August 2017 by Ollie Hayler, Business Development Lead - PalmSecure & Surient (UK&Ireland), Fujitsu Cyber Security

As you might know, a computer security expert who told the world how to write computer passwords 14 years ago admitted today he got it wrong. He said that using capital letters, numbers and symbols could actually make it easier for hackers to steal passwords, contrary to common believes. The comment from Ollie Hayler, Business Development Lead - PalmSecure & Surient (UK&Ireland), Fujitsu Cyber Security, has responded to the news:

“It turns out neither using a combination of symbols, numbers and letters nor changing passwords periodically can keep your accounts safe from cyber threats. Coming from a computer security expert who previously advised thousands of people on how to write computer passwords, this means only one thing: hackers are constantly innovating and so should we.

“Widely regarded as unsecure, passwords and PIN numbers are becoming a thing of the past as they can be copied, stolen, guessed or shared easily. Both customers and businesses now have a far more secure choice of authentication and verification through the use of biometrics.

“One example that stands out is palm vein. This technology combines the convenience of a contactless sensor with biometric security, and uses image recognition and optical technology to scan the normally invisible vein pattern of the palm. It’s proven to be highly accurate and highly resistant to counterfeiting, impersonation, and other dishonest actions.
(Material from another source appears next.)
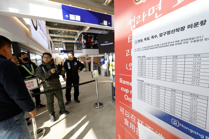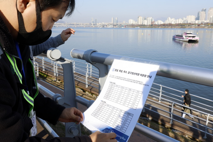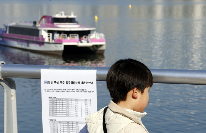 16일 서울 한강버스 잠실선착장에서 한강버스 관계자가 잠실, 뚝섬, 옥수, 압구정선착장 미운항 안내문을 붙이고 있다.
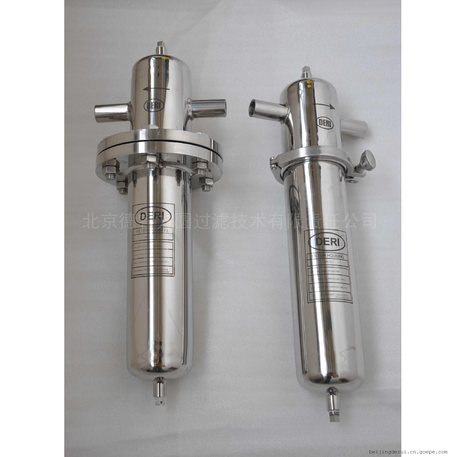 1)DERI除菌过滤器按德国同类产品标准设计,精制304或316不锈钢卫生级壳体,内外经高精度机械抛光,快装或法兰式结构,标准设计工作压力1.0MPa。可适用于空气和各种液体的除菌过滤。

It is currently being used in hospitals, and for financial transactions at ATMs and kiosk terminals at several banks around the globe. For users, the system is more convenient and faster than typing a password – with identity verification usually completed within one second. Each palm vein pattern is unique and it stays the same throughout a person’s life.

“While we don’t expect biometric adoption to happen overnight, biometric verification of identity on a personal device will, in one way or another, become a standard identification process.”